Monday, December 31, 2012

9. Holy Motors


Directed by Leos Carax’s.  It is crazy, weird story of an illogical limo-ride through Paris. Films are always getting described as surreal, whether they are or not. But this year we saw a genuinely surrealist movie. Holy Motors is unaffected by logic and common sense; it takes off in all directions, inspired by Cocteau, Lynch, Buñuel, Muybridge, Kafka, and many more.
It's a kind of road movie. Monsieur Oscar is an enigmatic businessman, played by Denis Lavnt being carried around Paris in the back of a white limousine, driven by Céline, played by Edith Scob. He has a number of mysterious appointments, for each of which he has to apply a new and elaborate disguise. But what on earth are these appointments?
In the course of each, he seems to enter a different or parallel universe in which his persona is unquestioningly accepted.

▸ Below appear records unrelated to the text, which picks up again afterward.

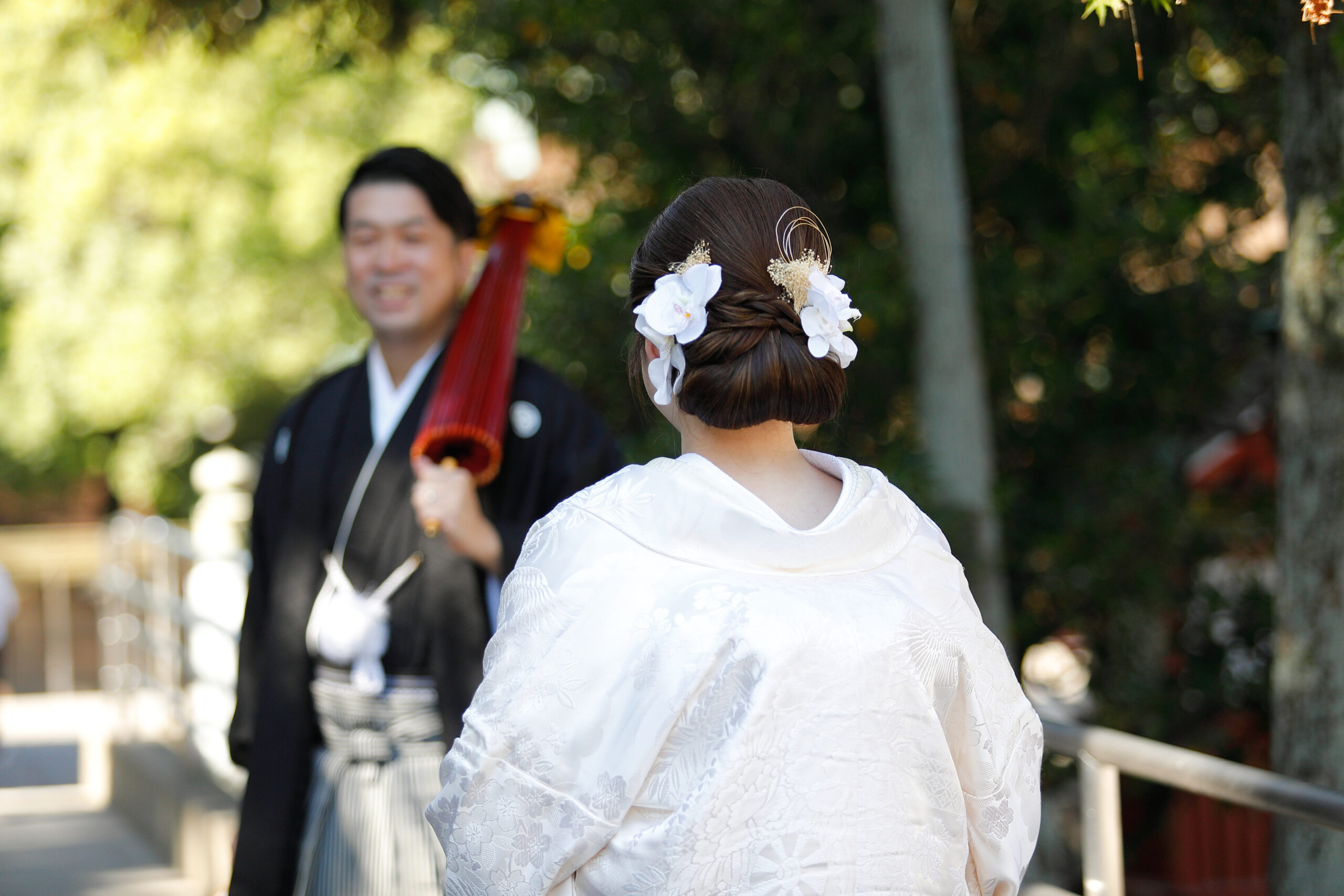津島神社で和装ウェディングフォト 花嫁を見つめる花婿
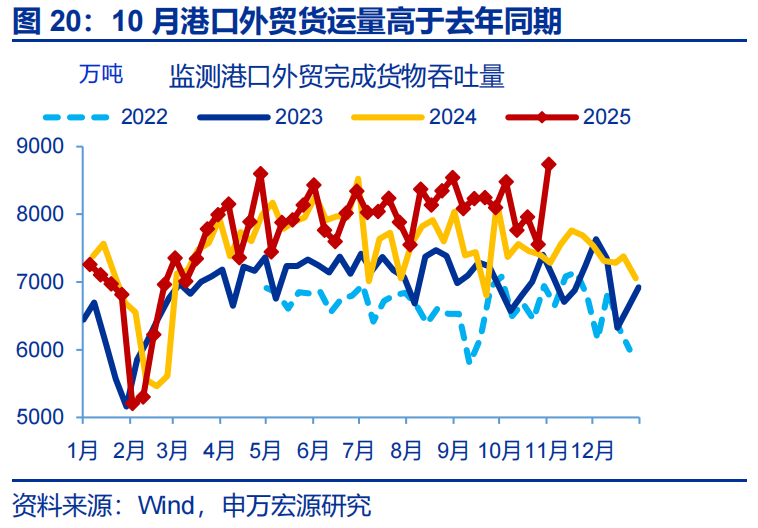 出口:10月中美关税一度再生波折,“抢出口”或再支撑10月出口。10月10日美国威胁自11月起对中国所有商品加征100%关税,预期关税政策加码或再度引发对美“抢出口”。考虑到企业发货到报关出口存在时滞,10月最后一周港口外贸货运量出现冲高现象,同比较前周上行18pct至20%,或反映“抢出口”现象。并且出口链生产只衡量当期生产、本月更多受到高库存约束;而港口外贸货运量还包括存货用于出口。当期生产回落,但存货仍可用于出口,因此10月港口外贸货运量并不弱。加之9月加工贸易进口同比回升(+6.6pct至12%),10月出口同比预计维持韧性(7%)。
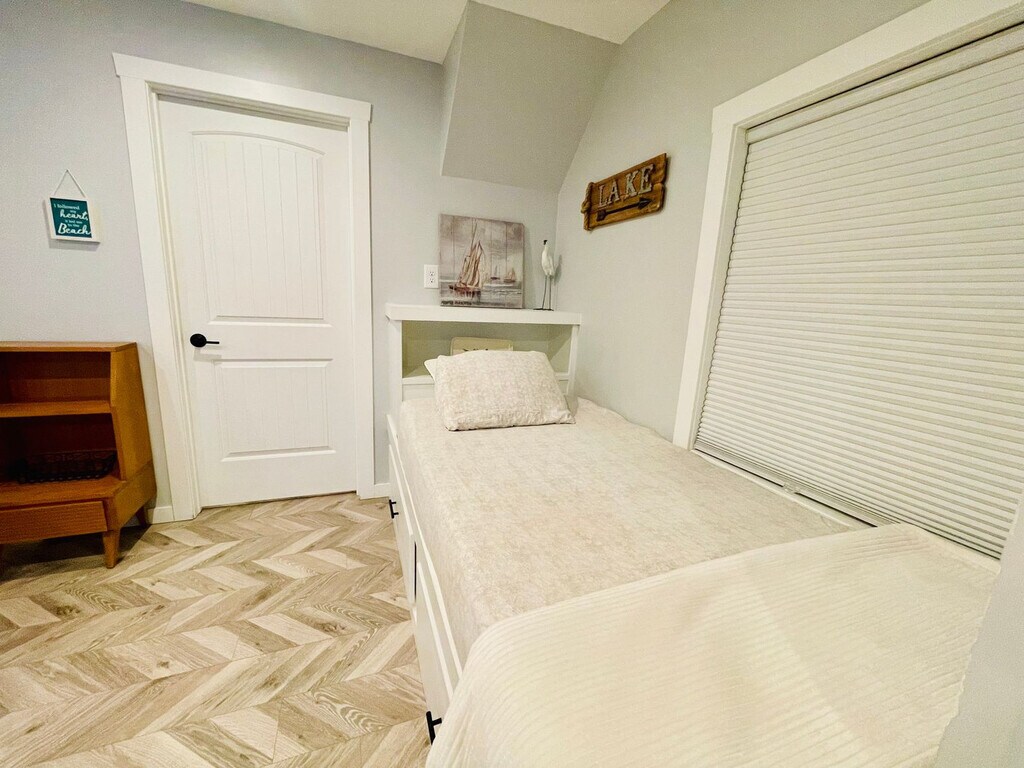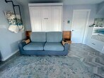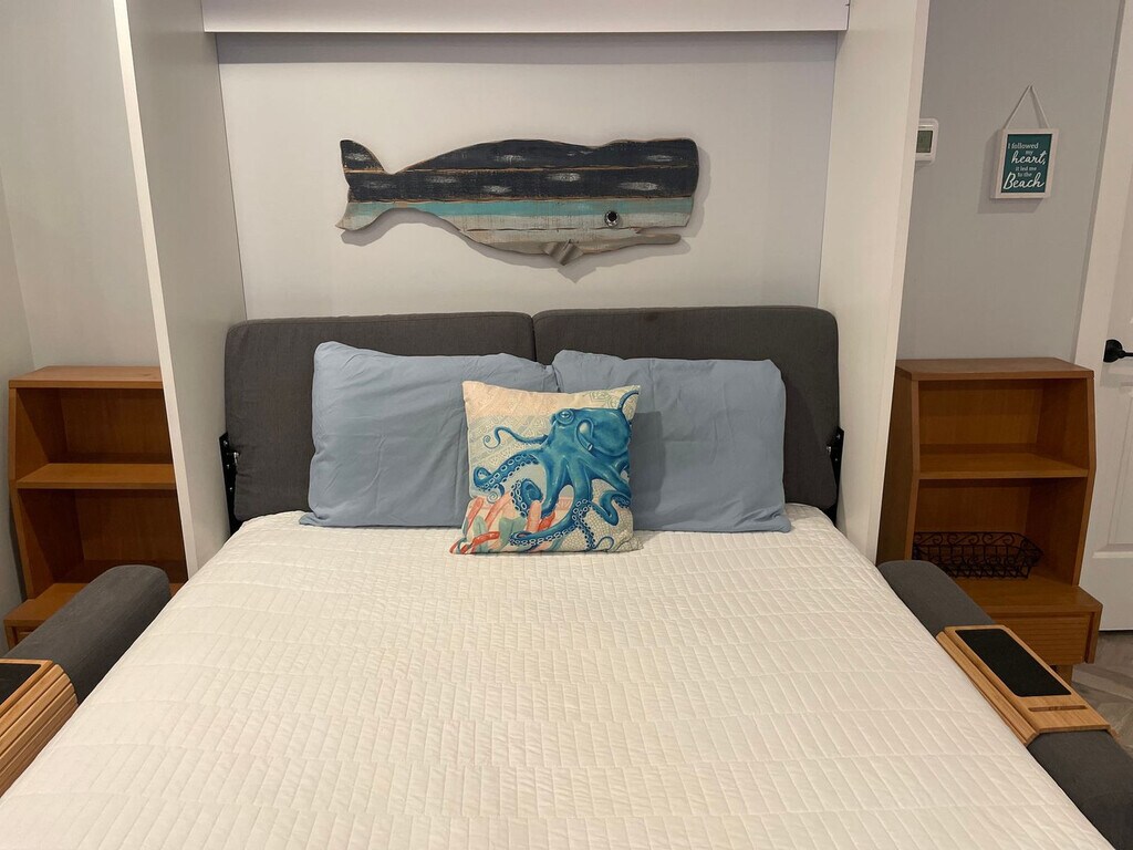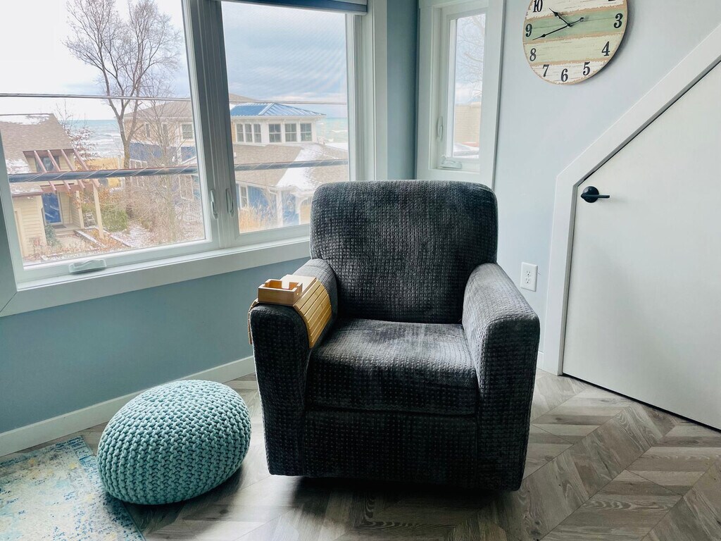 Feel at home in this charming studio apartment with views of Lake Michigan from your own private space. This studio apartment features a queen-size Murphy bed with a very comfortable Purple mattress and an additional twin bed with storage underneath. The bathroom has a walk-in shower. There is a full-size refrigerator, an apartment-size stove, a microwave, and a gas grill. The apartment also includes a couch, two swivel chairs, and a dining table for four. This apartment is in a quiet, residential lake community with lake access across the street. It is centrally located near Washington Park, Washington Park Zoo, Fish Camp Restaurant, a boat launch, and more. This apartment requires a minimum stay of 30 days and is above a real estate office. Guests must be 24 to rent and complete a pre-arrival form, agreeing to rental conditions and uploading an ID. [SI]
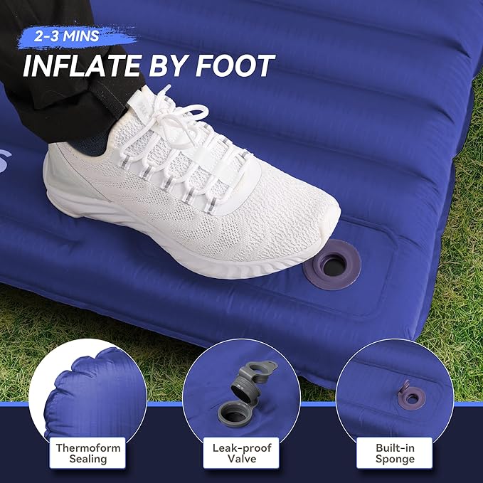 - EASY INFLATE & DEFLATE: No more blowing your camping mat with your mouth! It has a built-in foot pump that allows you to inflate it with your feet in 2-3 minutes. Simply open the deflation valve and it will deflate in seconds
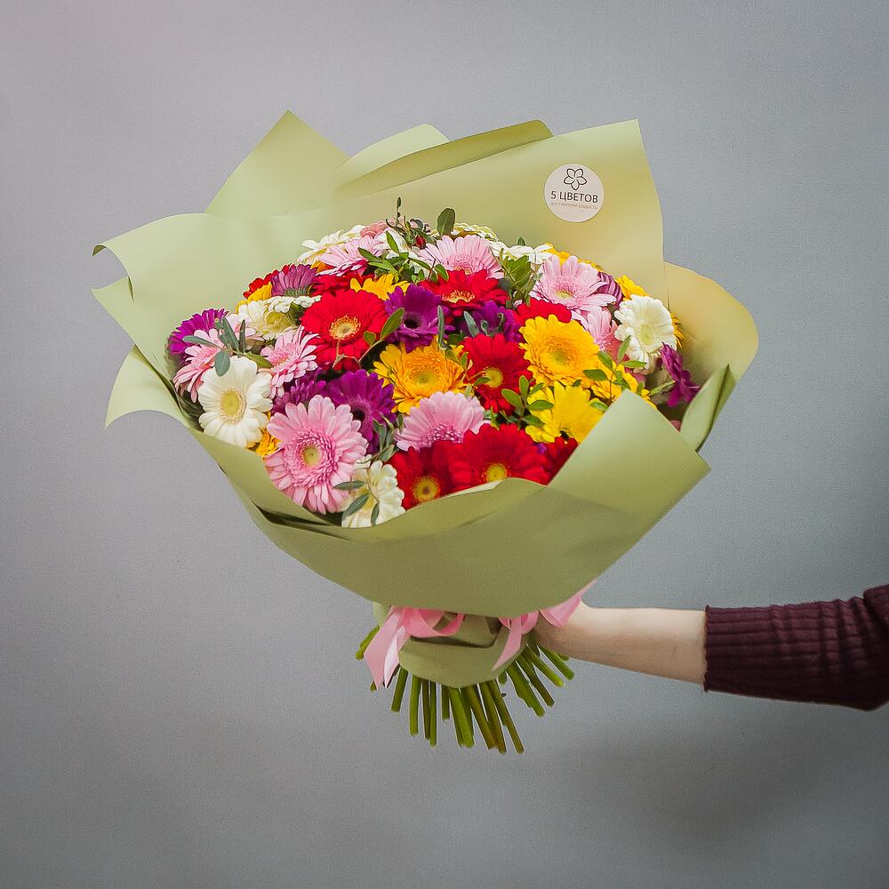 Гербера желтая – 13 шт.Гербера белая – 13 шт.Гербера розовая – 15 шт.Гербера красная – 10 шт.зелень салал – 1 шт.
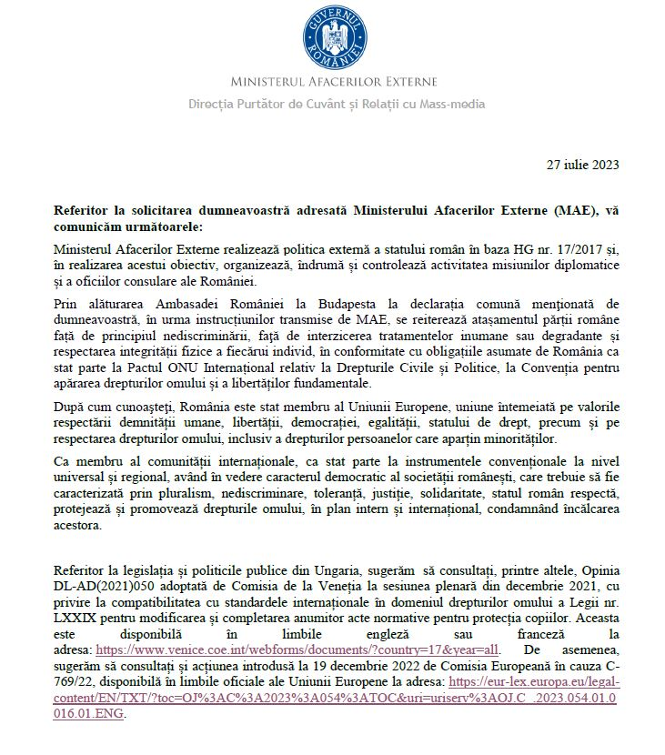 Ministerul Afacerilor Externe a confirmat, într-un răspuns pentru R3media, că Ambasada României de la Budapesta a primit „instrucțiuni” de la București, astfel încât să se alăture demersului Ambasadei SUA de a condamna Ungaria pentru „legile și retorica politică, venită în contradicție cu principiile non-discriminării, legilor internaționale privind drepturile omului” și care „contribuie la stigmatizarea comunității LGBTQI+”.
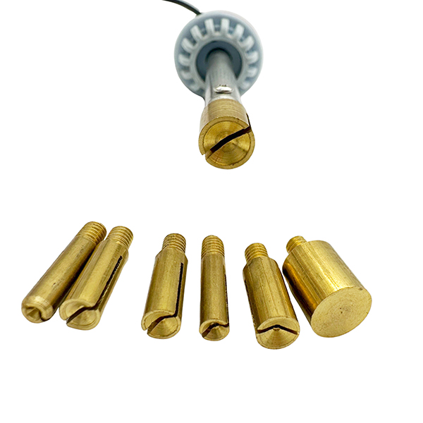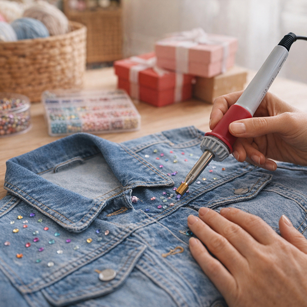 bridal ateliers, footwear manufacturers, and DIY craft businesses. Featuring 7 interchangeable lead-free brass tips, this compact yet powerful device enables fast, clean, and consistent application of hot-fix rhinestones onto fabrics, leather, and synthetic materials—without glue, sewing, or mess.
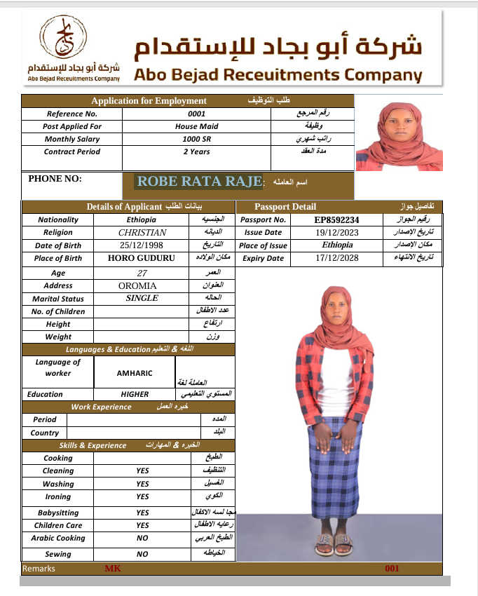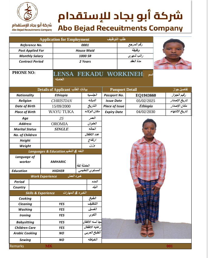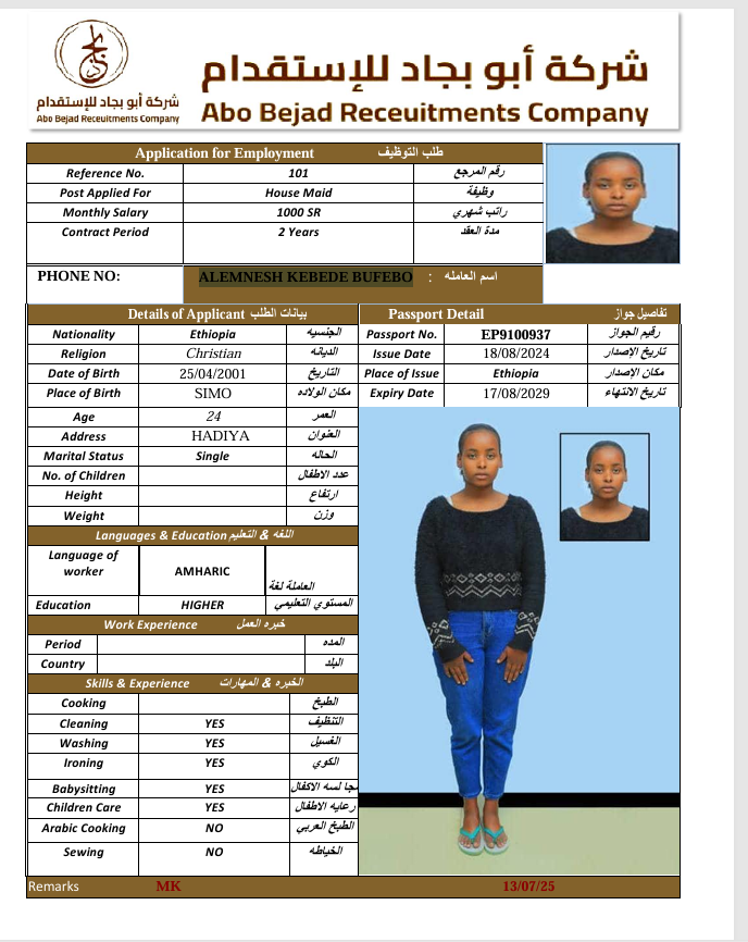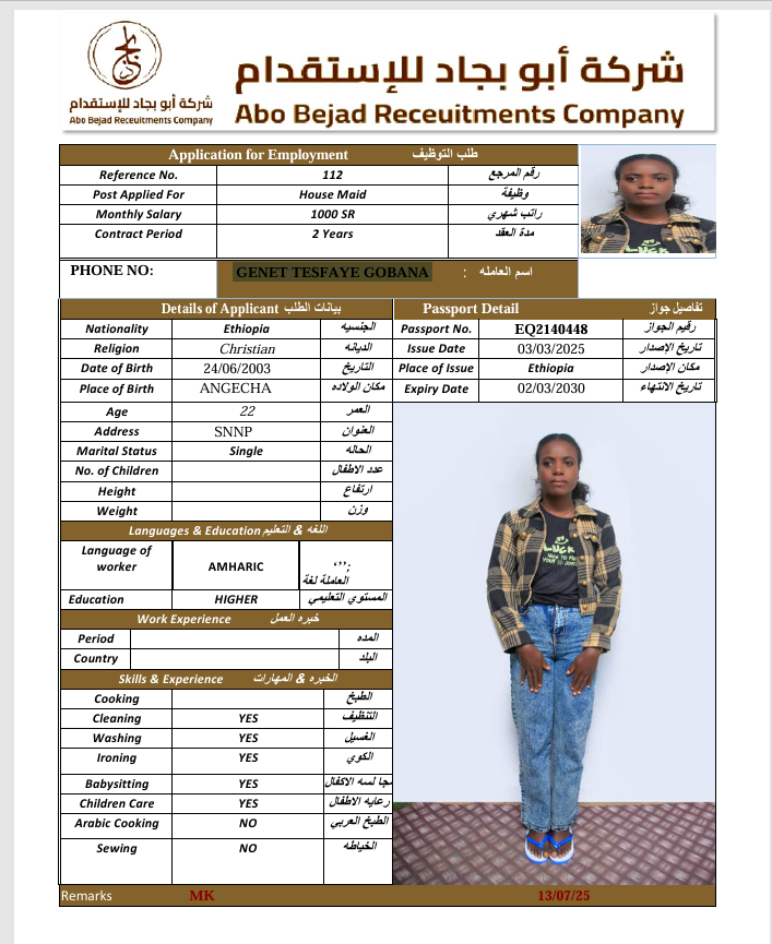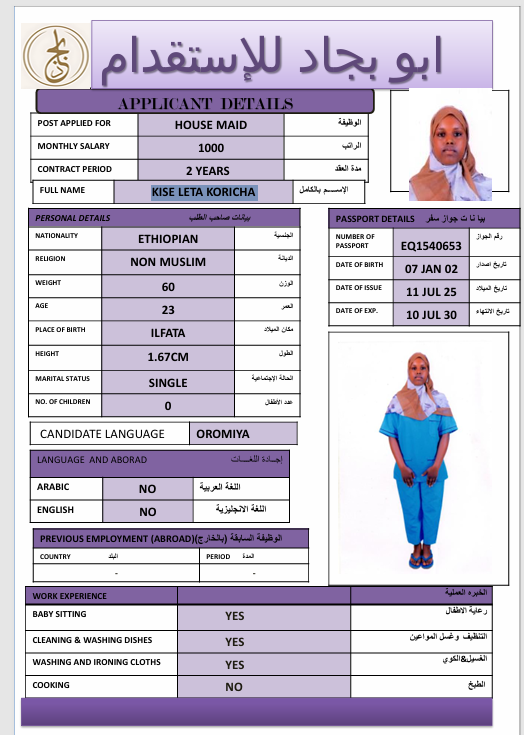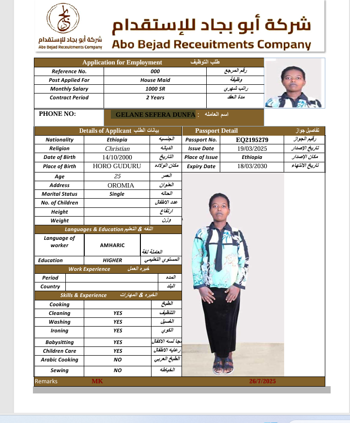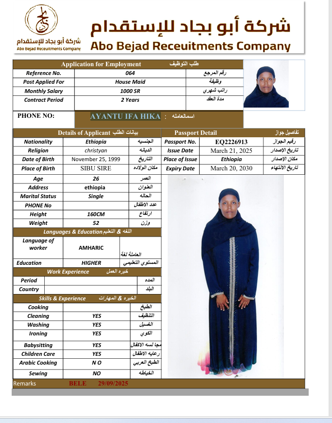 المهنة : عاملة منزلية
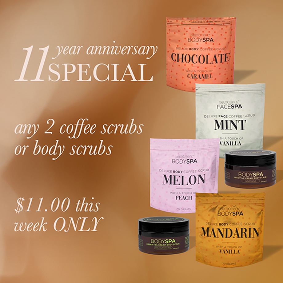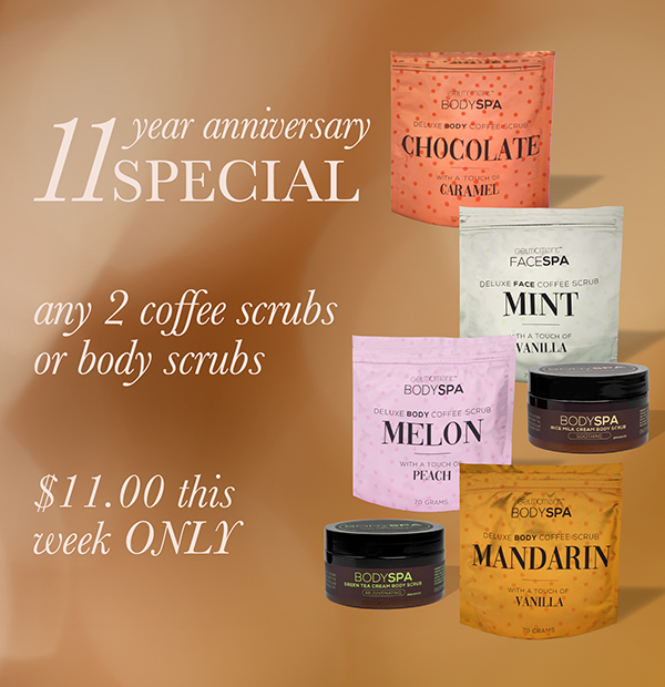 11-year anniversary SPECIAL - ANY 2 COFFEE SCRUBS or BODY SCRUBS
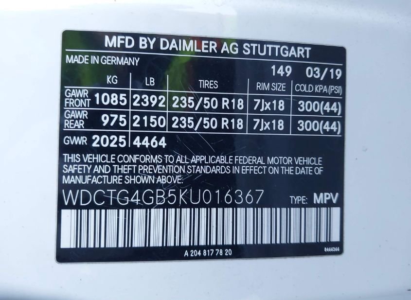 - VIN: WDCTG4GB5KU016367
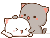 Adorable Peach Goma cats, a white one and a grey one, sharing a sweet hug. The white cat looks joyful and the grey cat is affectionately patting its head.
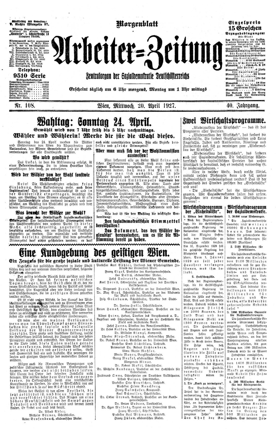 EINE KUNDGEBUNG der geistigen Wien.

He is an angry father, a homeless bag lady, an assassin and even a motion-capture studio model whose acrobatics create a weird and wonderful erotic animation which we are permitted to see and which doesn't seem any more or less real than everything that comes before or after. Some other actors in the film are Eva Mendes and a cameo by Kylie Monogue. And what is the point of this film? Its point is to dunk us in a delicious bath of unreason, to create pleasure. And having achieved that, its purpose is to meditate – capriciously, playfully – on the role-play we all have to master on our limo-ride through life.